- _Exercise directions_
Starting with the line containing "한고은은 이곳 순대와" and going on through the line containing "得獎同學(6E 鍾文俊) 與 梁美玲校長 合照 |", return the lines of the data below exactly, and only those.

- _Records provided_
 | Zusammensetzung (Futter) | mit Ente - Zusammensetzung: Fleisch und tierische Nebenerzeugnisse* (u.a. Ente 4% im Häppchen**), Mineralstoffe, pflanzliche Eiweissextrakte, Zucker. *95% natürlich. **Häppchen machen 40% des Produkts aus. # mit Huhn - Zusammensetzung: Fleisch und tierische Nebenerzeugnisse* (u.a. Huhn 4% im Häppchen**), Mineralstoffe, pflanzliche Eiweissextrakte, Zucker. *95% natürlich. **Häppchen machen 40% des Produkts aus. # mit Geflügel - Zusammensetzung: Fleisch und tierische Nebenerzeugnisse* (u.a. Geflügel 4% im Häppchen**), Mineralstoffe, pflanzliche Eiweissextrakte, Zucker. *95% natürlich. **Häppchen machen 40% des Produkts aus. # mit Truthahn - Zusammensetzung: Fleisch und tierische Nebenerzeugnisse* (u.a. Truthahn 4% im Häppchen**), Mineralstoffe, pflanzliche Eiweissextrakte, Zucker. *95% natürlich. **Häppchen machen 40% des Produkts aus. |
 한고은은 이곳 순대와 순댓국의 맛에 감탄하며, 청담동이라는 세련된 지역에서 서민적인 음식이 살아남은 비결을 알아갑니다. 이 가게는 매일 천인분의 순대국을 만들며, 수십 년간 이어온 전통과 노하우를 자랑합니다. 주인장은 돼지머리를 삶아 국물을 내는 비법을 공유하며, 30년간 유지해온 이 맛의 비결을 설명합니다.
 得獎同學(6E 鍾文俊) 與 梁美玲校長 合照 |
* * *
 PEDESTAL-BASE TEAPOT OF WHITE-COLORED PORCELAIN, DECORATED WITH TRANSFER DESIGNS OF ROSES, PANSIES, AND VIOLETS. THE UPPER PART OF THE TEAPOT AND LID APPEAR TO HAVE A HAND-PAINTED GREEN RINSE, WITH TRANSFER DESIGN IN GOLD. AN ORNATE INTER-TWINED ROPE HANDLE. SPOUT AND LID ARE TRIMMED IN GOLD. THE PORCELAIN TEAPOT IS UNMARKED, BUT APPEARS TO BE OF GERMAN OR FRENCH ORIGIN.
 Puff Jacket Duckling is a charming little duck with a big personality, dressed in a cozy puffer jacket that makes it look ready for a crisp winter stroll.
---
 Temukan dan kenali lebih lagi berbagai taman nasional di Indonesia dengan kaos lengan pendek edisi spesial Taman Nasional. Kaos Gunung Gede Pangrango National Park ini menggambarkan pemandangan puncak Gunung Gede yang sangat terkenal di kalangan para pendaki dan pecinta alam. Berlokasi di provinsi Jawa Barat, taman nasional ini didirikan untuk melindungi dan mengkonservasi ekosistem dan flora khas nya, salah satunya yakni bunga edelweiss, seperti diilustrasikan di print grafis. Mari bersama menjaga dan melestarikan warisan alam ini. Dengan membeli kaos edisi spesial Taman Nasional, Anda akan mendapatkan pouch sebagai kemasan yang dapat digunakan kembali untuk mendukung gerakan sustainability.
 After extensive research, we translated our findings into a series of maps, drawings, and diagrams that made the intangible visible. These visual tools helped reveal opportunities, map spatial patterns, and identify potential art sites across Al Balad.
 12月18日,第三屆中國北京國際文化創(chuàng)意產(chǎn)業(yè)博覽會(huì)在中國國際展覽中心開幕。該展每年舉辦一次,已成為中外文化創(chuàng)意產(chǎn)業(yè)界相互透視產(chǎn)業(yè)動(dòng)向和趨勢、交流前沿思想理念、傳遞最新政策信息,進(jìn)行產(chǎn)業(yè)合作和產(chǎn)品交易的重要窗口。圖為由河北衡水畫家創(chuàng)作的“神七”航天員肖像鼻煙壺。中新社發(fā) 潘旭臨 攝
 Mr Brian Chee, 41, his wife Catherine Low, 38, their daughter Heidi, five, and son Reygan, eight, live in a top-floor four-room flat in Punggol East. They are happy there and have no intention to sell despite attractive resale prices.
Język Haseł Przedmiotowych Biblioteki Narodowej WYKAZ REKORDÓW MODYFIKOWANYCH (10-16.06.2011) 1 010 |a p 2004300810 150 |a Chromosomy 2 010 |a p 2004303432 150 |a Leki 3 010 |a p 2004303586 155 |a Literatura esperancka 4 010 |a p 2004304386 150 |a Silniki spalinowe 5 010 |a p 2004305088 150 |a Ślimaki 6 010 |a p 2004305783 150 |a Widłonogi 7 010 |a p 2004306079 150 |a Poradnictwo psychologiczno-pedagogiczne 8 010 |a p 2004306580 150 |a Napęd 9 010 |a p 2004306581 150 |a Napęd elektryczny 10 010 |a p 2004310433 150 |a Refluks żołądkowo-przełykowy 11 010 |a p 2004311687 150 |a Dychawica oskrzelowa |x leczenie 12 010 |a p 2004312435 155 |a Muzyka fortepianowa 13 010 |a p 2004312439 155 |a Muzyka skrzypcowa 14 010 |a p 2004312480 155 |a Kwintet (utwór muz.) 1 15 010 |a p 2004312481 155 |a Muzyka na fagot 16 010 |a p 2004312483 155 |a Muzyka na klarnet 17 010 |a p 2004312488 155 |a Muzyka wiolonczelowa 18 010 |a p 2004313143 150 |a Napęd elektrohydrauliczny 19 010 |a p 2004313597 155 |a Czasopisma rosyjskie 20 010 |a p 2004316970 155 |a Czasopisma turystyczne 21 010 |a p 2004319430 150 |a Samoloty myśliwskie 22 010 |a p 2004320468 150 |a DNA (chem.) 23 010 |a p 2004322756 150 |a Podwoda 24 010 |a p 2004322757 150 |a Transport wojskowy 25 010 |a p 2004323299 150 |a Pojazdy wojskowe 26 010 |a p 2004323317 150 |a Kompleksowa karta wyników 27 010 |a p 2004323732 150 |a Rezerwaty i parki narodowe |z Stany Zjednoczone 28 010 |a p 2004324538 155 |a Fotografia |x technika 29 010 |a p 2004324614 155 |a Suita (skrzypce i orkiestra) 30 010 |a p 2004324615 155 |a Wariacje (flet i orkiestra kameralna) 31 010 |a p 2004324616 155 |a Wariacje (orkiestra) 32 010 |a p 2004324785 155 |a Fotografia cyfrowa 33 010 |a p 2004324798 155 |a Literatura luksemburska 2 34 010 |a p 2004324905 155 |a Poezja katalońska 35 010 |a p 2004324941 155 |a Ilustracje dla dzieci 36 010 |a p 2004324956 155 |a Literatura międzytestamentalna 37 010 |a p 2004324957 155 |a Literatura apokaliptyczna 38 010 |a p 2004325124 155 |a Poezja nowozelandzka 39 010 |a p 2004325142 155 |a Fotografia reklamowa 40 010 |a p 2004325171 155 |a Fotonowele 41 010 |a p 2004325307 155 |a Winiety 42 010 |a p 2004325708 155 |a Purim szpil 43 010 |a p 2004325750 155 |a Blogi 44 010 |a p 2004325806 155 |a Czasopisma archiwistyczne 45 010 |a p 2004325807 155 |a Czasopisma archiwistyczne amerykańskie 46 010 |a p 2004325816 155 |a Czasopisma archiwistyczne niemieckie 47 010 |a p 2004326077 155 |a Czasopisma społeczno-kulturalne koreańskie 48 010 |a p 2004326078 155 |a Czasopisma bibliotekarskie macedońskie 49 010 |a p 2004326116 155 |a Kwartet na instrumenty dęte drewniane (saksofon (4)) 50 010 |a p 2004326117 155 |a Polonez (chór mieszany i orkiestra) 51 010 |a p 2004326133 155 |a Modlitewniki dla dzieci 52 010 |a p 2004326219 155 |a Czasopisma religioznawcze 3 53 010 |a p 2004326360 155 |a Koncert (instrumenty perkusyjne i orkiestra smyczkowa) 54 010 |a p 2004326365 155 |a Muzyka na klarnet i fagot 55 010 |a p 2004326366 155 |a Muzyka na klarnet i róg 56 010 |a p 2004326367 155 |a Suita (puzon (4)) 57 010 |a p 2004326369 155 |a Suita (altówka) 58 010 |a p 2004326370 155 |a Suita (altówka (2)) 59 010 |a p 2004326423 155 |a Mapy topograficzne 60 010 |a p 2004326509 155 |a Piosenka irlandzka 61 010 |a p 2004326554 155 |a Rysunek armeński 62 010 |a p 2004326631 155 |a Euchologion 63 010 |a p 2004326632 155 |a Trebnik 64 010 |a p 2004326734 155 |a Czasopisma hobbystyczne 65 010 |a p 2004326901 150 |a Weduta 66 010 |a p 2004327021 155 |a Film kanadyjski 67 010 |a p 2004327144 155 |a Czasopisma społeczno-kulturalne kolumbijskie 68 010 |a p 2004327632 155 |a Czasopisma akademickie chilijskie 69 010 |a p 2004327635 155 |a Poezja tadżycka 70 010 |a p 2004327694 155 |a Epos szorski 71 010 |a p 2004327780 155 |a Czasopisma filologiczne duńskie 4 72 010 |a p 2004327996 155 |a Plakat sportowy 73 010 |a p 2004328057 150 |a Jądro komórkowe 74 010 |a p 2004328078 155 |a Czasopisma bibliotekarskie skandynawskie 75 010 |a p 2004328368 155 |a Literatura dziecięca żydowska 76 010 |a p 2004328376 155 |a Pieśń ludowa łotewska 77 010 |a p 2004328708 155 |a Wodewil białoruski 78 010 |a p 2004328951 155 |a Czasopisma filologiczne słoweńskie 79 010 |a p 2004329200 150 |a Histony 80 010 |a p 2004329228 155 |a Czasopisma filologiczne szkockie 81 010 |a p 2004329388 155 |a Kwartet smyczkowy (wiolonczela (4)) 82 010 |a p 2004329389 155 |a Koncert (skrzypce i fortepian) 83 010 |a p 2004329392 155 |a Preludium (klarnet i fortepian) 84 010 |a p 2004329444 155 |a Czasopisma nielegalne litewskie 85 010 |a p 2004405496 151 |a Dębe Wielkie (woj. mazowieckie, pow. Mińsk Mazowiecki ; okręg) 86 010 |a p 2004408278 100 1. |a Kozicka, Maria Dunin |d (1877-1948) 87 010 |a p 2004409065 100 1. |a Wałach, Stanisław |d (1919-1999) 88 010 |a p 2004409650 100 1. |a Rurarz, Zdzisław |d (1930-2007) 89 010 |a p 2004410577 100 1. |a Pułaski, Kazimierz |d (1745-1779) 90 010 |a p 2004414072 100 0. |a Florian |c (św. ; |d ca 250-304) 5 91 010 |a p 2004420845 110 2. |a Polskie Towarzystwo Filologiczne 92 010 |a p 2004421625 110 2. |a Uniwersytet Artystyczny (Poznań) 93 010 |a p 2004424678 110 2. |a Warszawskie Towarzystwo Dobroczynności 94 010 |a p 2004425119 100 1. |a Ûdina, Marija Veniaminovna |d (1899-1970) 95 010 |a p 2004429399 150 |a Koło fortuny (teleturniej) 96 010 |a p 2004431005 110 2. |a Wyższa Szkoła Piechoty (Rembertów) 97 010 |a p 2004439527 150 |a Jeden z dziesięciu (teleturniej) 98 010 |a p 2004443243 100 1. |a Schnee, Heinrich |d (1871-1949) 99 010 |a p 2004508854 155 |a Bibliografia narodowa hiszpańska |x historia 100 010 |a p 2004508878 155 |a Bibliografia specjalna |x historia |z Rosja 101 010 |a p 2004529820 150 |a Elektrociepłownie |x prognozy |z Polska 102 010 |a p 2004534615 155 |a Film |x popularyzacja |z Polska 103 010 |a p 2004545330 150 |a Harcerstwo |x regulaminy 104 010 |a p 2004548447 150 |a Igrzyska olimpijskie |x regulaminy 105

- _Solved exercise_
 한고은은 이곳 순대와 순댓국의 맛에 감탄하며, 청담동이라는 세련된 지역에서 서민적인 음식이 살아남은 비결을 알아갑니다. 이 가게는 매일 천인분의 순대국을 만들며, 수십 년간 이어온 전통과 노하우를 자랑합니다. 주인장은 돼지머리를 삶아 국물을 내는 비법을 공유하며, 30년간 유지해온 이 맛의 비결을 설명합니다.
 得獎同學(6E 鍾文俊) 與 梁美玲校長 合照 |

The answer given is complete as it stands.